Some Books that will Enlarge your Vocabulary
To enlarge your selection of words, you must read books of the essay type rather than fiction, as these usually give the widest range of English. Two authors stand out above all others in this connection—Ruskin and R.L. Stevenson. Both men had an extraordinary instinct for the right word on all occasions—the word that expressed exactly the idea each wished to convey.
Read some of Stevenson's essays slowly and carefully. Don't gobble them! You want to impress the words, and the connection in which they are used, on your mind. It is an effort to most of us to read slowly in these hustling times; yet nothing but deliberate, careful reading will serve to teach the correct use of words and their approximate values. And I need not remind you to look up in a dictionary the meaning of any word that is new to you.

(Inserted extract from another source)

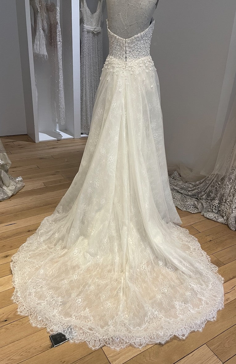 C2023-SBB4 - strapless fitted wedding gown with flowing over skirt

Ruskin's Sesame and Lilies you will have read many times, I hope; if not, get it as soon as ever you can. His Poetry of Architecture will make a useful study; also Queen of the Air and Praeterita (his own biography). His larger works, while containing innumerable passages of great beauty, are so often overweighted with technical details and principles of art (some quite out-of-date now) that they become tedious at times. Yet there is so much in all of his writings to enlarge your working-list of words, that you will benefit by reading any of his books.
Among present-day writers I particularly recommend Sir A. Quiller-Couch, Dr. Charles W. Eliot; Dr. A.C. Benson, Dr. Edmund Gosse, Coulson Kernahan, and Augustine Birrell, whose volumes of essays will not only enlarge your vocabulary, but will prove particularly instructive in suggesting the right placing of words, and in giving you a correct feeling for their value.
Of course this does not exhaust the list of authors with commendable vocabularies; but it gives you something to start on.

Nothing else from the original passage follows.